Employing and then losing Andy Coulson illustrates the Prime Minister's worst flaws.

You're in favour of abolishing the monarchy and have probably done it more damage than anyone since Cromwell. You despise the class-ridden nature of contemporary Britain. And you played a central role in Labour's three crushing general election victories, supporting the party in every poll between 1997 and 2005. But still the left hates you. So who can you be? None other than Rupert Murdoch, who's in a bit of trouble. Not his fault, of course – how was he supposed to know what his bestselling newspaper was getting up to during that brief period when one rogue individual was getting up to whatever it was? Why on earth would Rupert have paid attention to that, then or since?

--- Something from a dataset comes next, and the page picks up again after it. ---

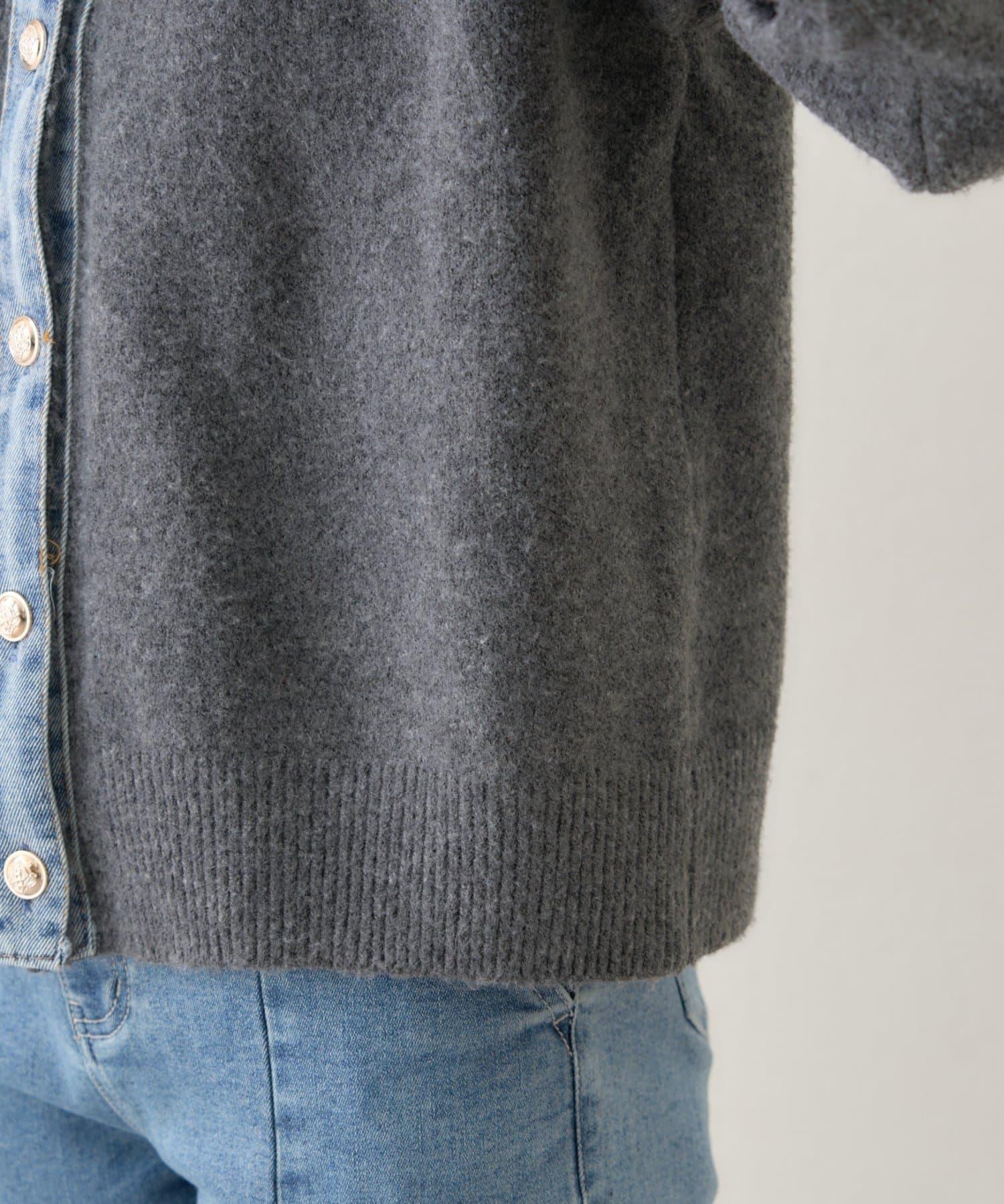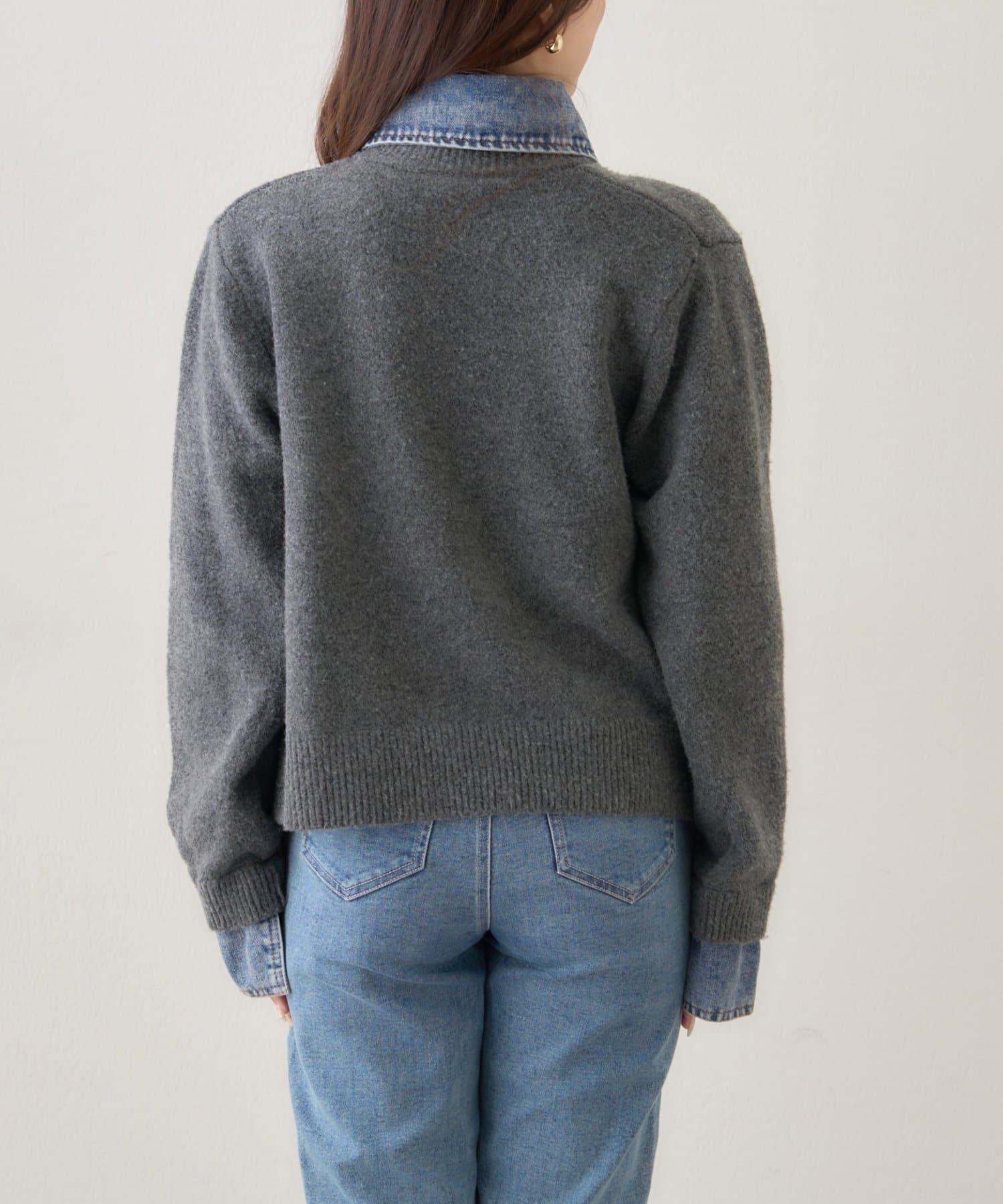 開襟羊毛衫與牛仔褲的對接設計。

No, all this has obviously come as a vast shock and has, right now, right in the middle of this pesky Sky bid referral business, just this moment come as a shock to Murdoch. But while there is absolutely no possibility that the owner of the News of the World is in any way personally culpable for what his paper did; David Cameron can't escape responsibility for his sins of commission in quite the same way. For employing and then losing Andy Coulson illustrates all the Prime Minister's worst flaws and promises plenty more harm to come.

The first thing that needs to be said about the phone-hacking scandal is that the internet has had nothing to do with it. This has been a story that has been kept alive by antique media, being almost entirely the work of the Guardian and the BBC. (Though perhaps that gladdens Rupert's romantic heart?) It's hard for Tories like me who fall into the "shut it down" rather than the "sell it off" camp, as far as the BBC's concerned, to face up to what it would have meant if the corporation hadn't existed. Fleet Street is so compromised by its own relationship with the police, past and present, that it hasn't been willing to give any heft to this story, if it can avoid doing so. It took the BBC to make this story -- and all those Tory flacks who screamed that there wasn't one here are discreditable fools. But for all that Murdoch is the real story, it's the Andy Coulson chapter that tells us a depressingly large amount about the Tory party that Cameron leads.

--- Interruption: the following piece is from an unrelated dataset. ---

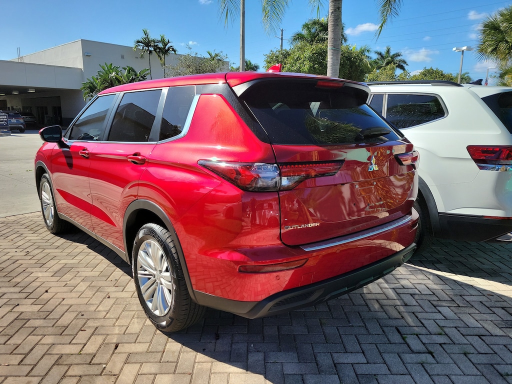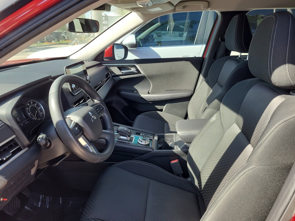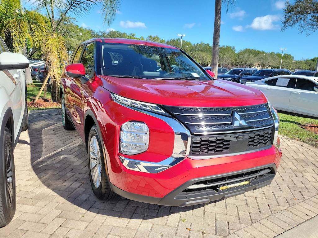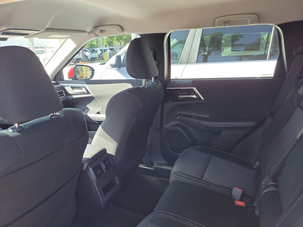 Red Diamond 2024 Mitsubishi Outlander ES 2.5L 4-Cylinder DOHC CVT FWD 18" Alloy Wheels, 3rd row seats: split-bench, 4-Wheel Disc Brakes, 5.694 Axle Ratio, 6 Speakers, ABS brakes, Air Conditioning, Alloy wheels, AM/FM radio: SiriusXM, Android Auto & Apple CarPlay, Auto High-beam Headlights, Automatic temperature control, Blind Spot Warning, Brake assist, Bumpers: body-color, Cloth Fabric Seat Trim, Driver door bin, Driver vanity mirror, Dual front impact airbags, Dual front side impact airbags, Electronic Stability Control, Emergency communication system: Mitsubishi Connect w/ 24-month trial, Exterior Parking Camera Rear, Four wheel independent suspension, Front anti-roll bar, Front Bucket Seats, Front Center Armrest w/Storage, Front dual zone A/C, Front reading lights, Fully automatic headlights, Illuminated entry, Knee airbag, Low tire pressure warning, Occupant sensing airbag, Outside temperature display, Overhead airbag, Overhead console, Panic alarm, Passenger door bin, Passenger vanity mirror, Power door mirrors, Power steering, Power windows, Radio data system, Radio: AM/FM 8.0" Smartphone Link Display Audio, Rear anti-roll bar, Rear Parking Sensors, Rear seat center armrest, Rear side impact airbag, Rear window defroster, Rear window wiper, Reclining 3rd row seat, Remote keyless entry, Security system, Speed control, Speed-Sensitive Wipers, Split folding rear seat, Spoiler, Steering wheel mounted audio controls, Tachometer, Telescoping steering wheel, Tilt steering wheel, Traction control, Trip computer, Turn signal indicator mirrors, and Variably intermittent wipers.

Even in the manner of his departure, Coulson reminded us, and more pointedly, the Prime Minister, what sort of man he is: "I've kept a diary!" being one of the century's most unsubtle threats thus far. When Cameron made him his spin doctor, immediately in the wake of the first elements of the News of the World scandal emerging, plenty of Tories shook their head.

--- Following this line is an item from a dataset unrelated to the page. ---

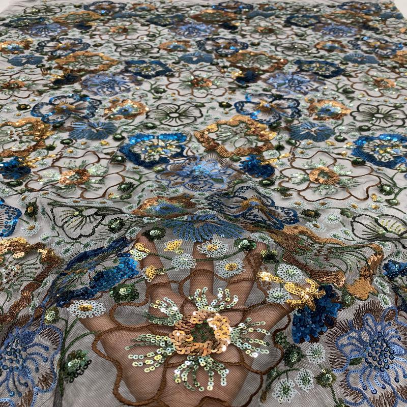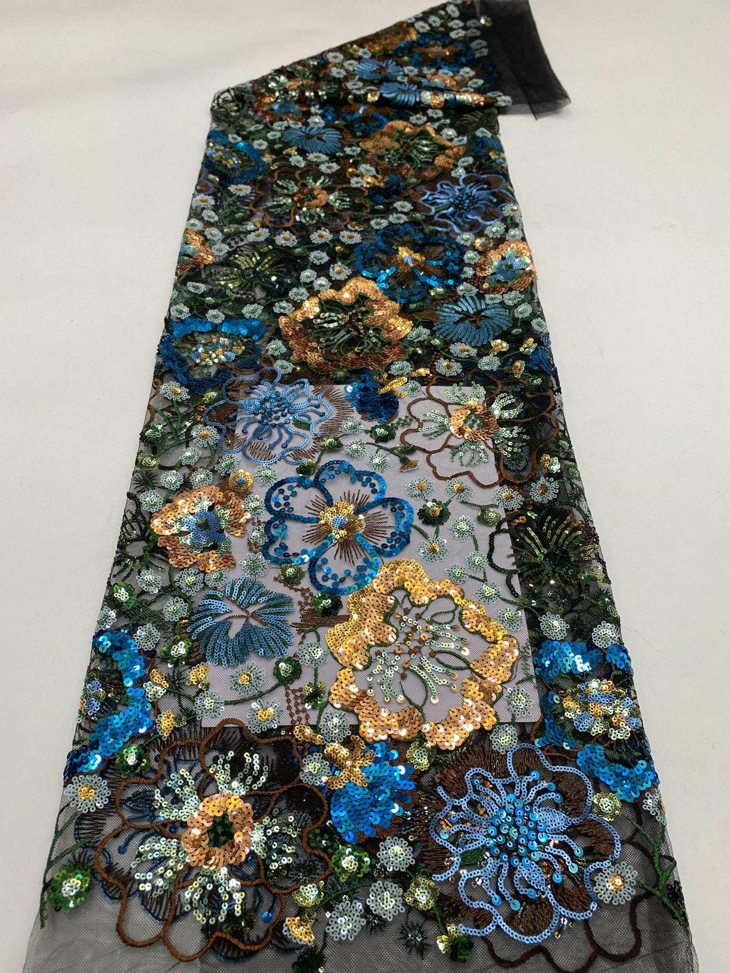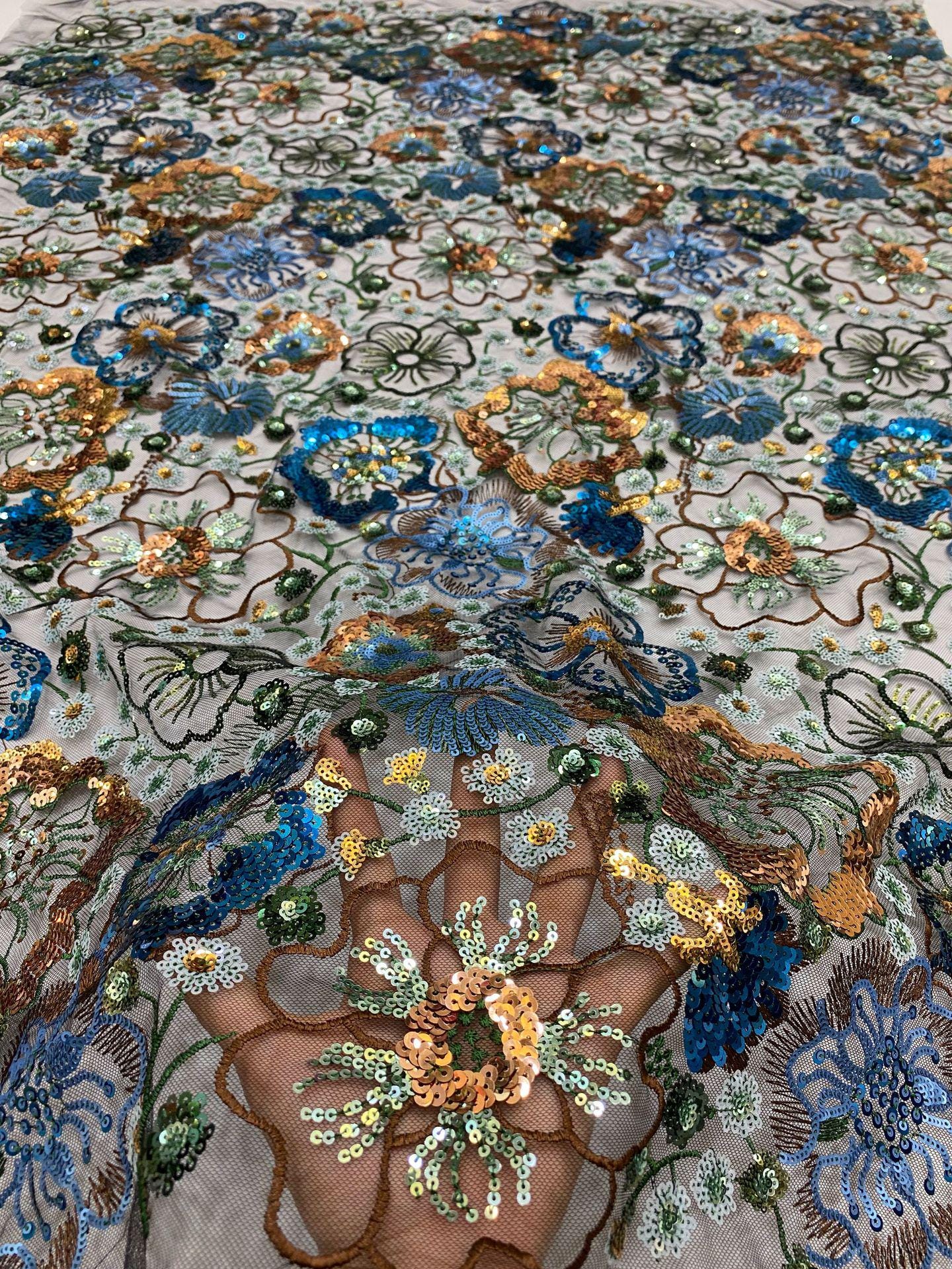 Sequin Embroidery Fabric: 50"W Floral Evening Dress Material

Cynics wondered about the practicality of the second chance being offered, and whether it would end in tears, while traditionalists simply wondered what the leader of the Tory party was doing giving hundreds of thousands of pounds to man who ran front page after front page attacking and undermining the royal family. However modern the party was, it surely didn't need to be quite that modern? But how those monarchy-knocking stories came to be on Coulson's front page has come back to bite Coulson and Cameron good and hard.

One of the problems with the left is that, at root, you just don't respect the right: you think we're absurd, unreasonable, dishonest, or merely dim. Thus if you read that pro-monarchical sentiment motivated some of the people who were right when David Cameron was so very wrong, you either don't believe it, or you laugh it off as being risible. Yet, it was taking on the monarchy that was the step too far even for News International.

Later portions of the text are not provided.